Efficient Inference Offloading for Mixture-of-Experts Large Language Models in Internet of Medical Things

Xiaoming Yuan,Weixuan Kong,Zhenyu Luo,Minrui Xu
DOI: https://doi.org/10.3390/electronics13112077
IF: 2.9
2024-05-28
Electronics
Abstract:Despite recent significant advancements in large language models (LLMs) for medical services, the deployment difficulties of LLMs in e-healthcare hinder complex medical applications in the Internet of Medical Things (IoMT).
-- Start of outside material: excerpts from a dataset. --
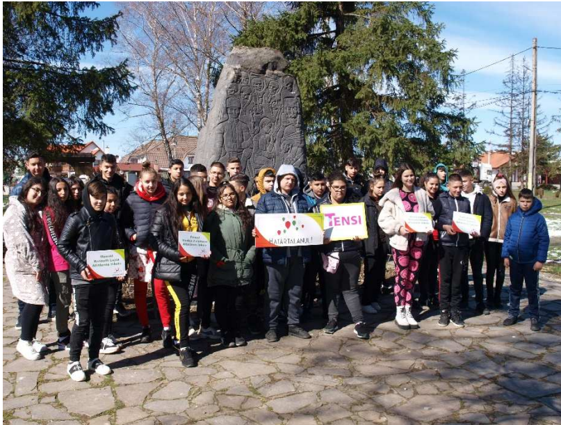
17. kép: Farkaslaka: Tamási Áron

A negyedik napon hosszú út elé néztünk. Első utunk Farkaslakára vezetett, ahol a Székely himnusz közös éneklése mellett megkoszorúztuk Tamási Áron síremlékét születésének 125. évfordulójára.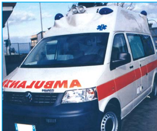
La nuova ambulanza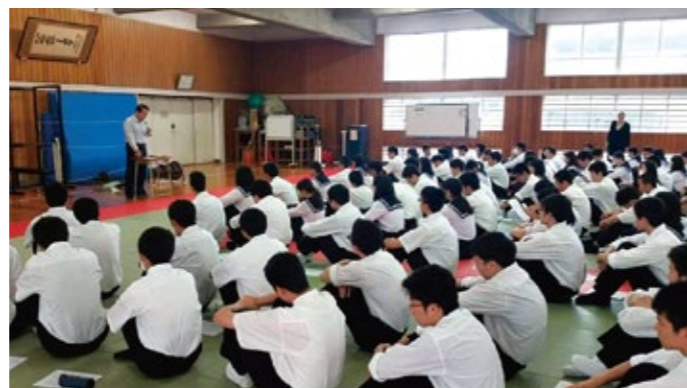
▲高校生向け食中毒予防衛生講習会

遠鉄アシストの食品検査センターでは、浜松市内の高校生向けに、安全に学園祭を運営していただくために、毎年各高校で食中毒の予防に関する衛生講習会を実施しております。食品衛生の基本的な知識を勉強し、食中毒の危険性を理解していただきました。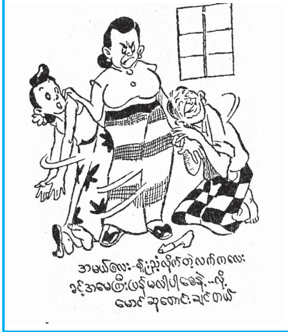
အမယ်စေး-နို့ညှပ်လိုက်တဲ့လက်ကလေး ခင်အမေကြီးဖြင့်မလျှီပါစေနဲ့-လို့ မောင်ဆုစောင်ချင်တယ်

ဆရာကြီး ကာတွန်းမောင်စိန်၏ ကာတွန်းလက်ရာများကို မူရင်းအတိုင်း ဖော်ပြပါသည်။ စာတည်း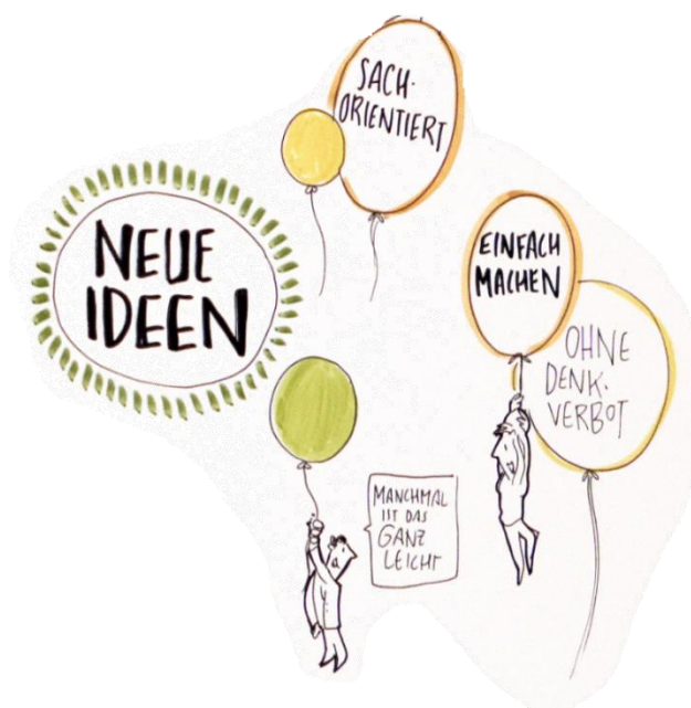
Abb. 2: Stadtmachen – „Neue Ideen“, die durch ihr lösungsorientiertes Potenzial symbolisieren, dass es auch „anders“ geht, Grafik: Kellner 2018

Kommunen getragenen Gemeinschaftsinitiativen Nationale Stadtentwicklungspolitik zur förderfähigen Akteursgruppe avanciert – nicht zuletzt über den Projektauftrag „Stadt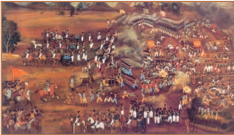
یک نقاشی از صحنه جنگ ایران و روسیه

۱- دور اول جنگ‌های ایران و روسیه: دور اول جنگ‌های ایران و روسیه که نزدیک به ۱۰ سال طول کشید ۱ ، در نهایت به سبب ضعف سیاسی و نظامی ایران، به پیروزی روسیه انجامید و حکومت قاجار مجبور به امضای قرارداد گلستان شد. طبق مفاد آن قرارداد، نه تنها بخش‌هایی از نواحی شمالی میهن ما، شامل ولایات گرجستان، داغستان و اران و شهرهایی چون تفلیس، دربند، باکو، گنجه، شکی، شیروان و ... به روسیه واگذار گردید، بلکه ایران از داشتن نیروی دریایی در دریای خزر نیز محروم شد.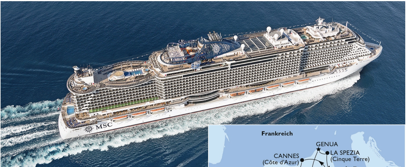
Die MSC Seaview, stolz, elegant und von einmaliger Konzeption

Die Anreise per Fernreisebus mit einer Zwischenübernachtung im Raum Verona bei der Hinfahrt ist auf Wunsch aus fast ganz Deutschland zubuchbar.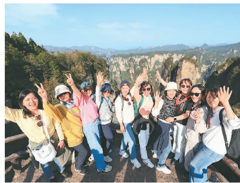
韩国游客在张家界国家森林公园黄石寨景区游览。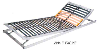
Abb. FLEXXO KF

Bestens kombinierbar mit Produktlinie FLEXXO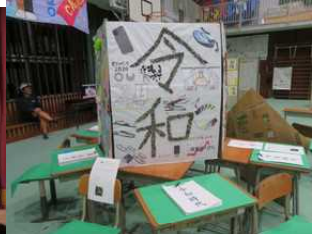
展示 身近なもので表現『明治から令和へ』

People are increasingly concerned about e-healthcare risks and privacy protection. Existing LLMs face difficulties in providing accurate medical questions and answers (Q&As) and meeting the deployment resource demands in the IoMT. To address these challenges, we propose MedMixtral 8x7B, a new medical LLM based on the mixture-of-experts (MoE) architecture with an offloading strategy, enabling deployment on the IoMT, improving the privacy protection for users. Additionally, we find that the significant factors affecting latency include the method of device interconnection, the location of offloading servers, and the speed of the disk.
engineering, electrical & electronic,physics, applied,computer science, information systems
What problem does this paper attempt to address?
The main problem that this paper attempts to solve is the difficulty in deploying large - language models (LLMs) on the Internet of Medical Things (IoMT) devices, especially in providing accurate medical question - and - answer (Q&A) services and meeting resource requirements. Specifically, existing LLMs face the following challenges when deployed on IoMT devices: 1. **Resource limitations**: Existing large - language models, due to their large number of parameters, require a great deal of computing resources, which makes them difficult to be directly deployed on resource - limited IoMT devices. 2. **Privacy protection**: Deploying LLMs on the server side brings risks of data leakage and unauthorized access, while direct deployment on IoMT devices can better protect user privacy. 3. **Accuracy**: Existing general - purpose LLMs may not be accurate enough when dealing with specific problems in the medical field because they lack a deep understanding of medical terms and context. To address these challenges, the paper proposes a new medical LLM based on the Mixture - of - Experts (MoE) architecture - MedMixtral 8x7B, and introduces an efficient inference offloading strategy to reduce memory usage, enabling it to be deployed on IoMT devices. In addition, the paper also analyzes the key factors affecting inference latency, including the inter - device connection methods, the location of the offloading server, and the disk speed, and proposes some strategies to reduce latency. Through these methods, the paper aims to improve the performance of LLMs in medical Q&A tasks while ensuring the security of user privacy.